Solving Bayesian Network Structure Learning Problem with Integer Linear Programming
This work addresses the computational challenge of learning Bayesian network structures, which is incremental as it builds on existing ILP methods with specific constraints and heuristics.
The dissertation tackles the Bayesian Network structure learning problem by formulating it as an integer linear programming (ILP) problem, incorporating cluster constraints for acyclicity and cutting planes to manage exponential constraints, with results presented from experiments on reference datasets.

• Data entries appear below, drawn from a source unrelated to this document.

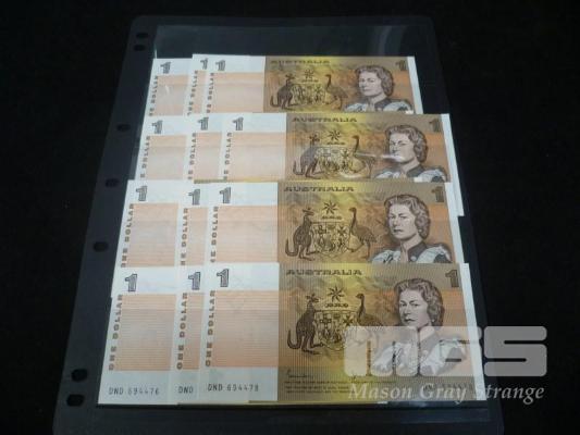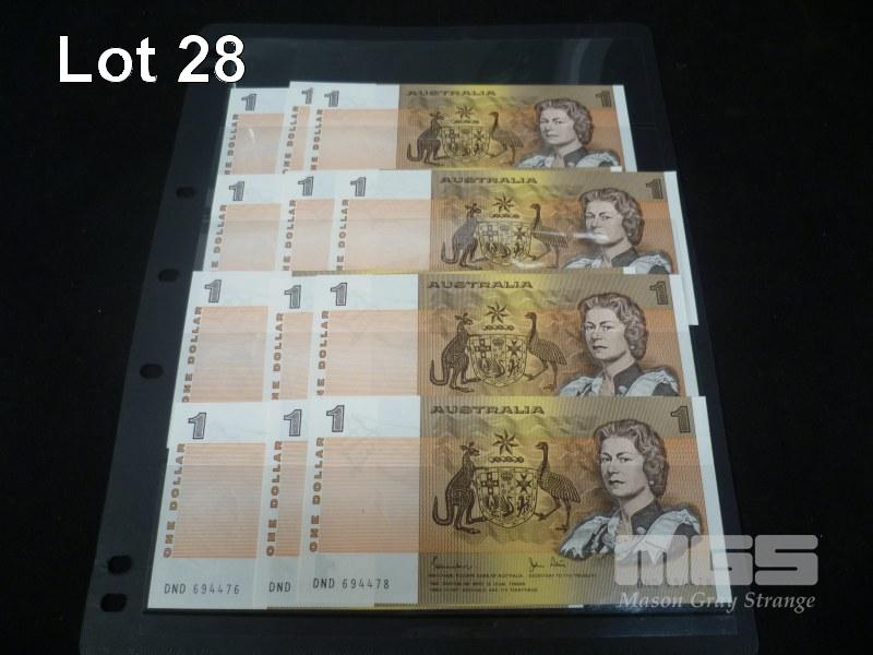 12 X 1982, AUSTRALIA, CONSECUTIVE, $1 PAPER BANKNOTES, JOHNSTONE/STONE, DND 694467-478, UNC
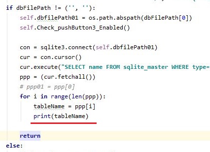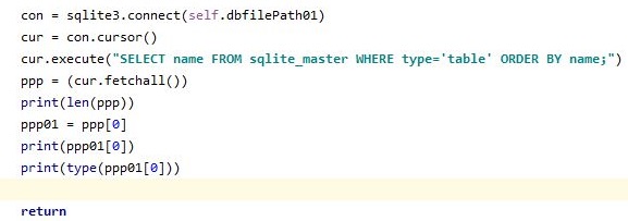 본격적으로 for loop안에서 데이터 베이스 파일에 지정된 테이블 이름을 가지고서 한번 가지고 올 수 있도록 코드를 짜 보도록 합니다.
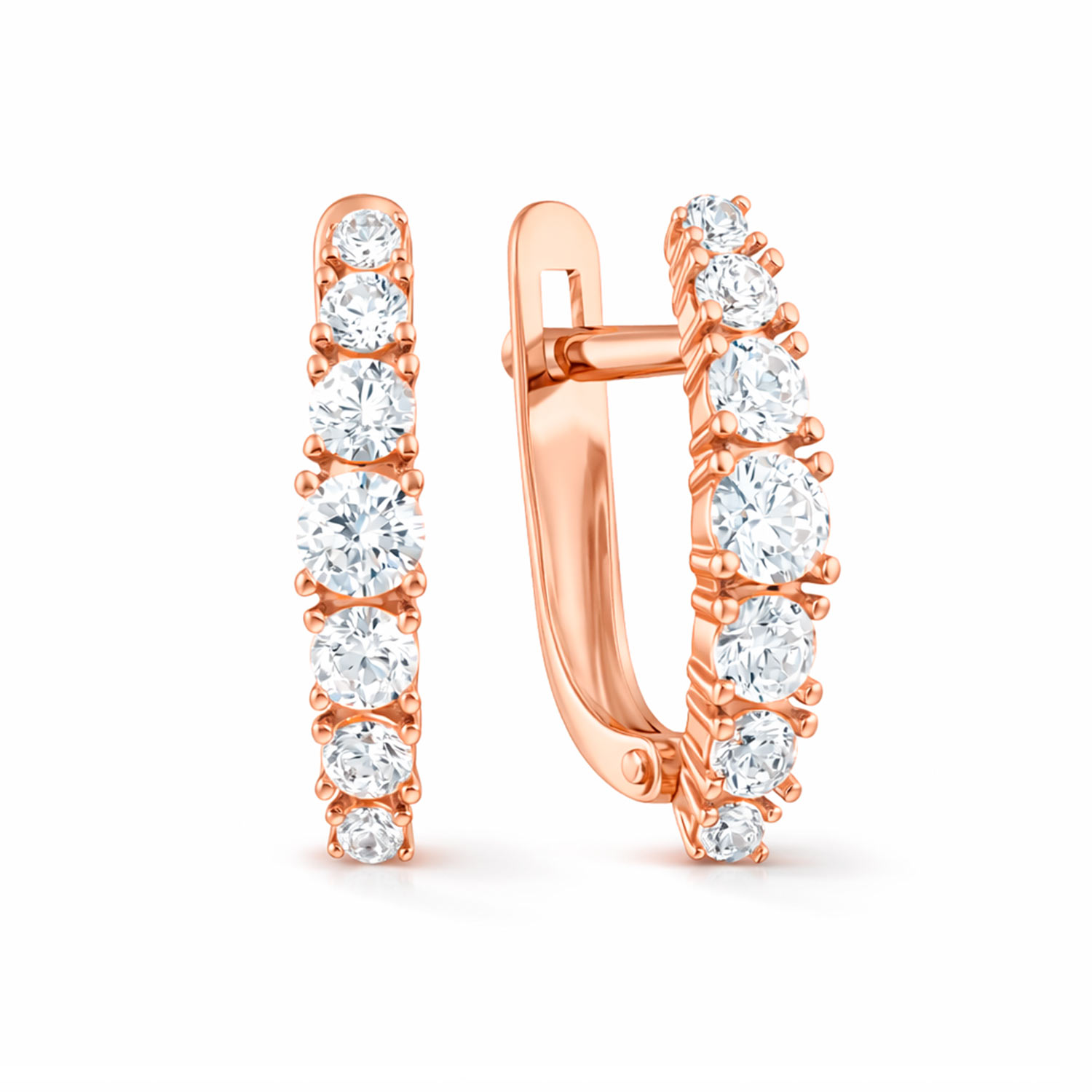 Diese bezaubernden Ohrringe aus russischem 585er Rotgold mit jeweils 7 Zirkonia sind das Inbild von zarter Schönheit und Eleganz. Mit einer Höhe von ca. 15 mm zeichnen sie sich durch ein außergewöhnlich schönes Design aus, bei dem die Zirkonia-Steine die Hauptrolle spielen und das edle Metall als zarte Basis dient. Die Steine sind in unterschiedlichen Größen, harmonieren jedoch perfekt miteinander und ergänzen sich. Die Zirkonia-Reihe verzaubert mit ihrem Glanz im Licht und funkelt in lebendigen Flashes.
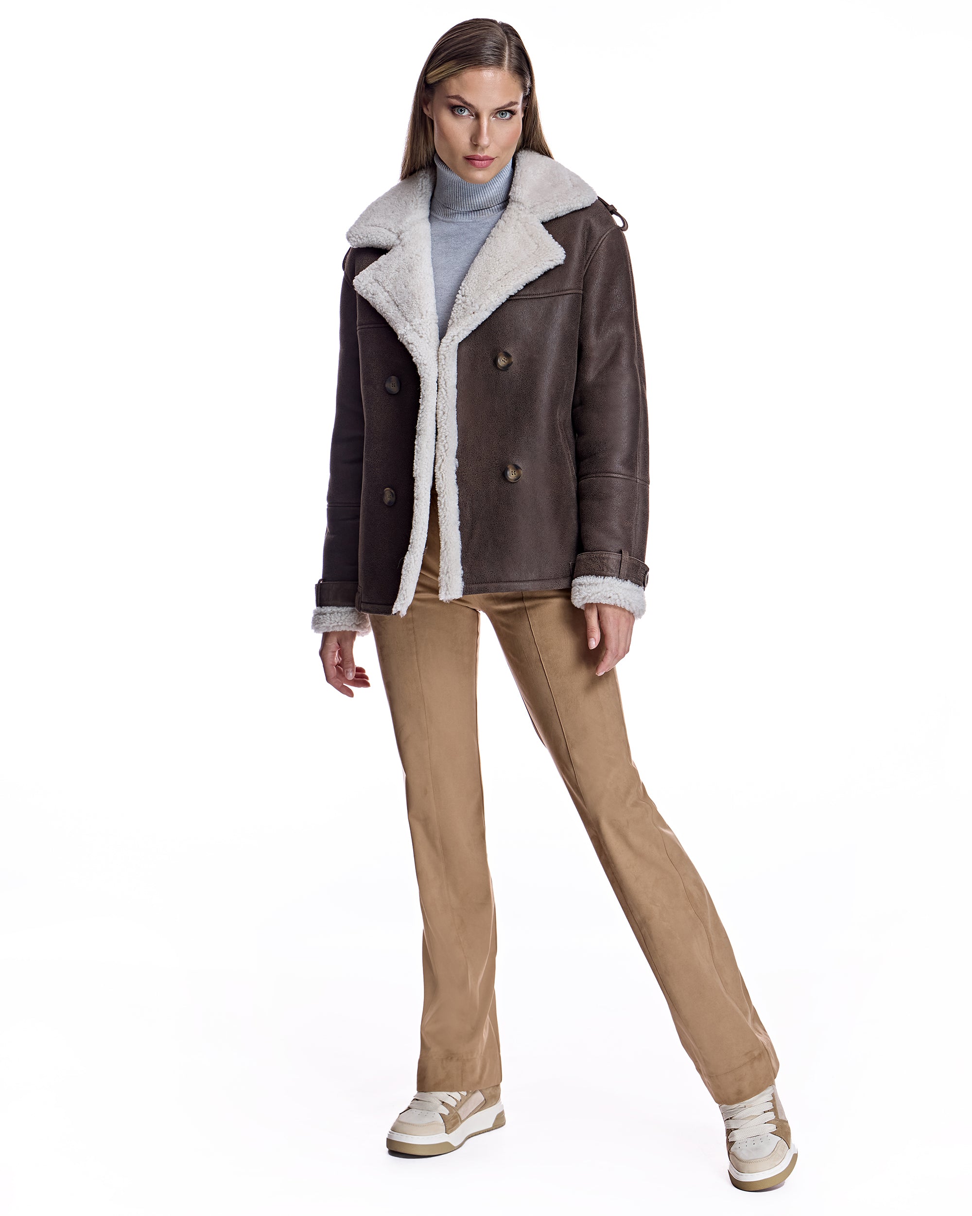 Julia & Stella Double Breasted Shearling Jacket-Maximilian
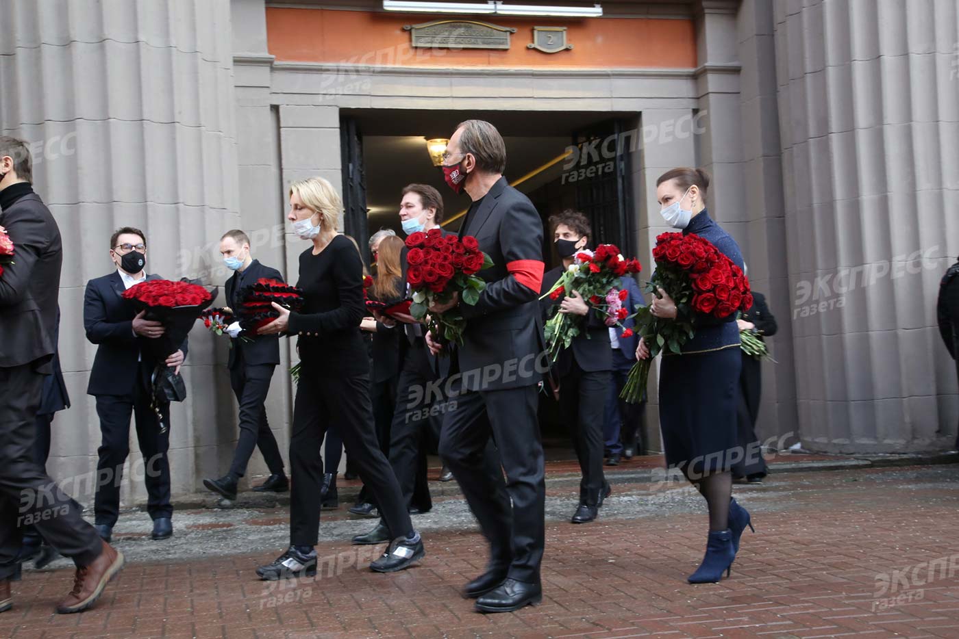 Проститься с любимым артистом пришли около двух тысяч человек. Почти все принесли цветы. Гроб со стеклянной крышкой установили на сцене. Тело Ланового укрыли белым саваном. К концу церемонии сцена была засыпана красными розами.
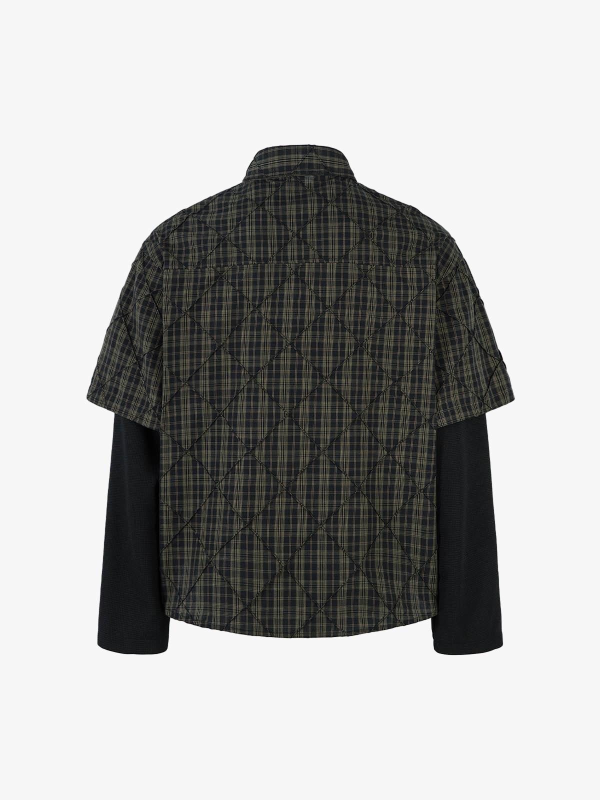 Heavy Plaid Pleated Striped Faux Two-Piece Polo Shirt
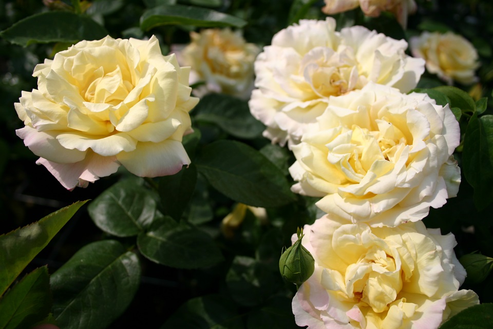 Lichtgeel, soms met roze zweem. Grote, zware bloemen, die volledig geopend het mooist zijn. Sterk en betrouwbaar.
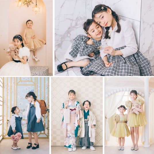 7歳と3歳、7歳と5歳など、異なるご年齢のご兄弟と一緒の画面でフォトを残したい方にも、お揃いのドレス、色合いのあった着物など、背景とマッチした多様な組合せで撮影が叶います。
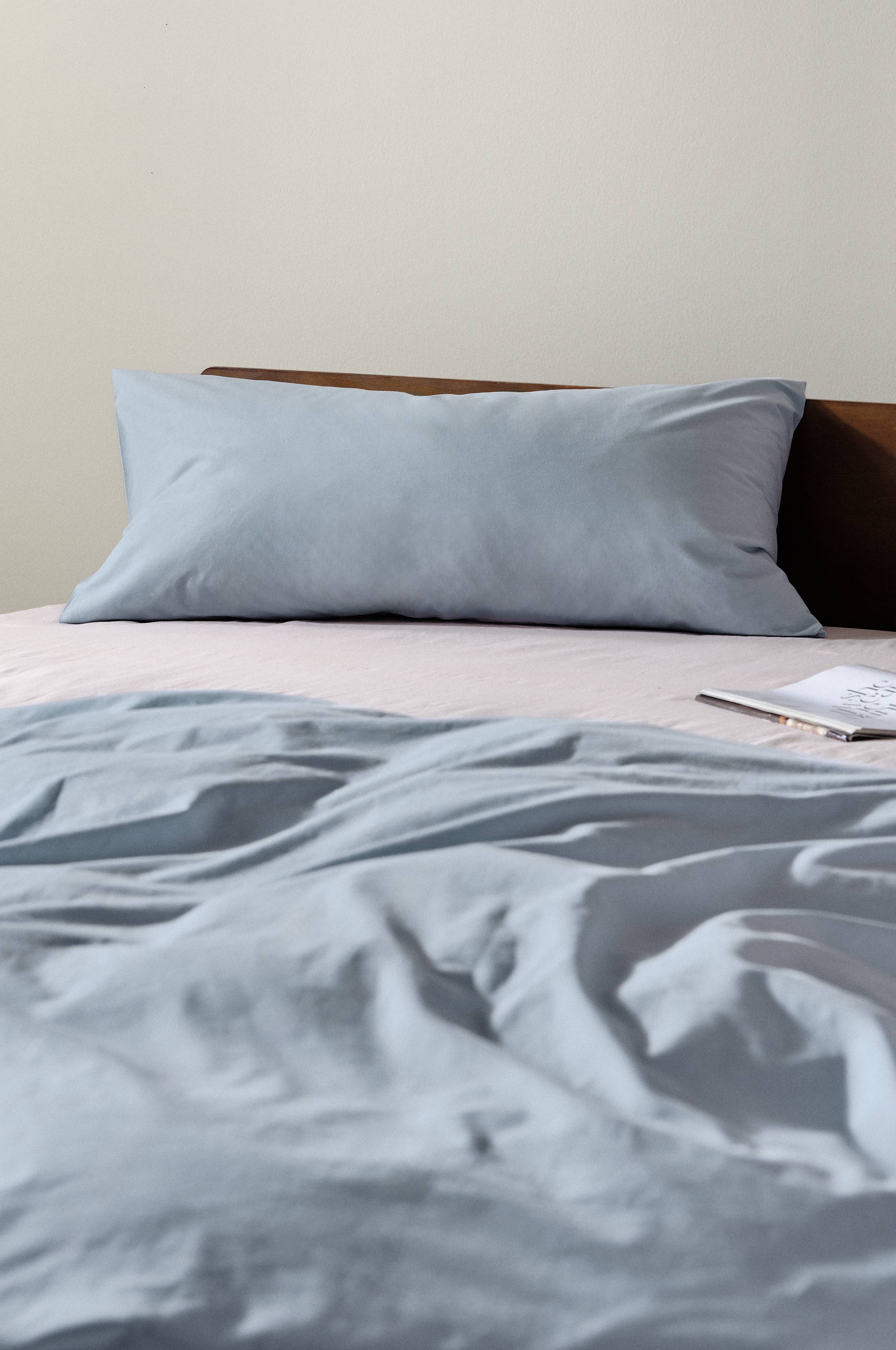 Ensfarvet pudebetræk i 1-pak i vidunderlig percale af økologisk bomuld. Percale er et ekstra blødt og behageligt stof som er vævet med tynde, fine bomuldstråde. Trådtæthed på 200 tc. (Trådtætheden angiver antal tråde, thread counts, pr. kvadrattomme i et stof. Jo højere trådtæthed desto højere kvalitet.)
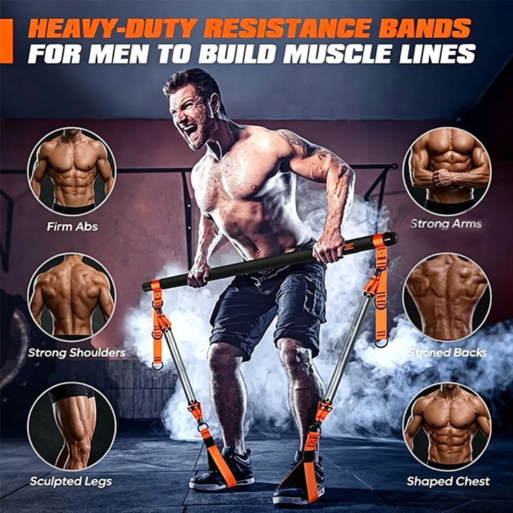 Heavy Duty Pilates Bar Set with 6 Resistance BandsProduct name
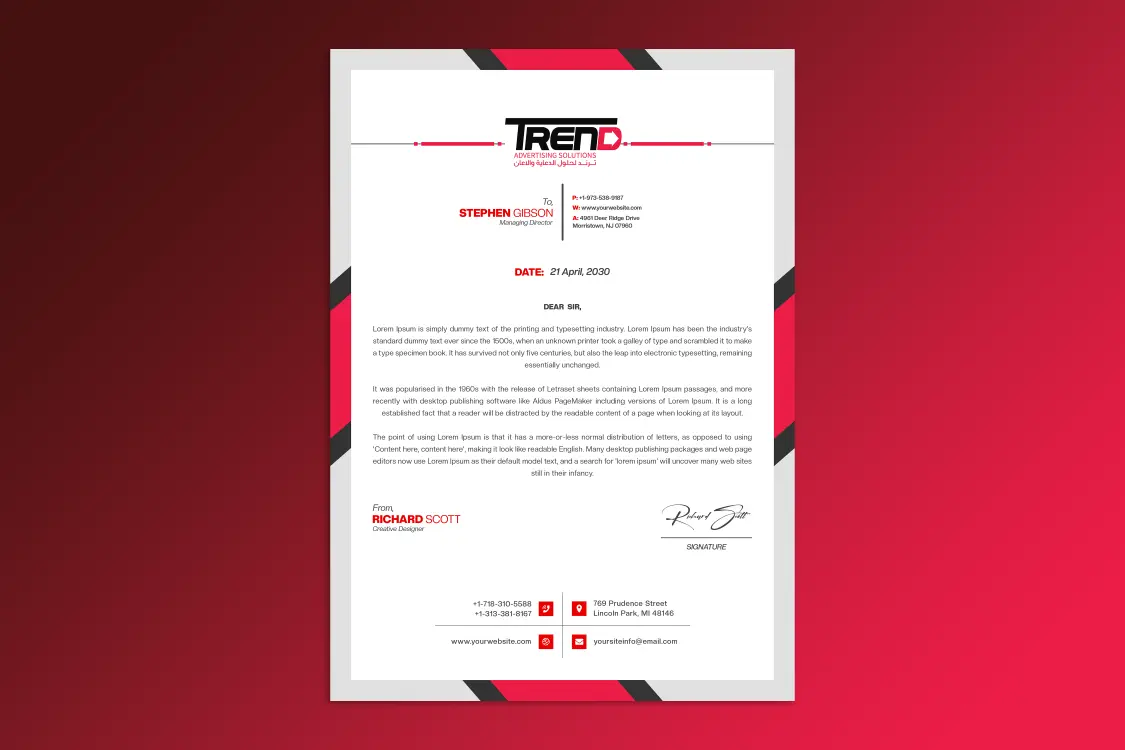 ورق المراسلات يعتبر وسيلة اتصال هامة بين المؤسسات وبعضها حيث يضيف لمسة احترافية تتناسب مع الخطابات الرسمية ومراسلات العمل والجهات الحكومية كذلك تعطي هوية لك و لشركتك، تقوم بتوفير الوقت حيث تعد صيغة رسمية موحدة للطلبات المتكررة بصورة مستمرة .

This dissertation investigates integer linear programming (ILP) formulation of Bayesian Network structure learning problem. We review the definition and key properties of Bayesian network and explain score metrics used to measure how well certain Bayesian network structure fits the dataset. We outline the integer linear programming formulation based on the decomposability of score metrics. In order to ensure acyclicity of the structure, we add ``cluster constraints'' developed specifically for Bayesian network, in addition to cycle constraints applicable to directed acyclic graphs in general. Since there would be exponential number of these constraints if we specify them fully, we explain the methods to add them as cutting planes without declaring them all in the initial model. Also, we develop a heuristic algorithm that finds a feasible solution based on the idea of sink node on directed acyclic graphs. We implemented the ILP formulation and cutting planes as a \textsf{Python} package, and present the results of experiments with different settings on reference datasets.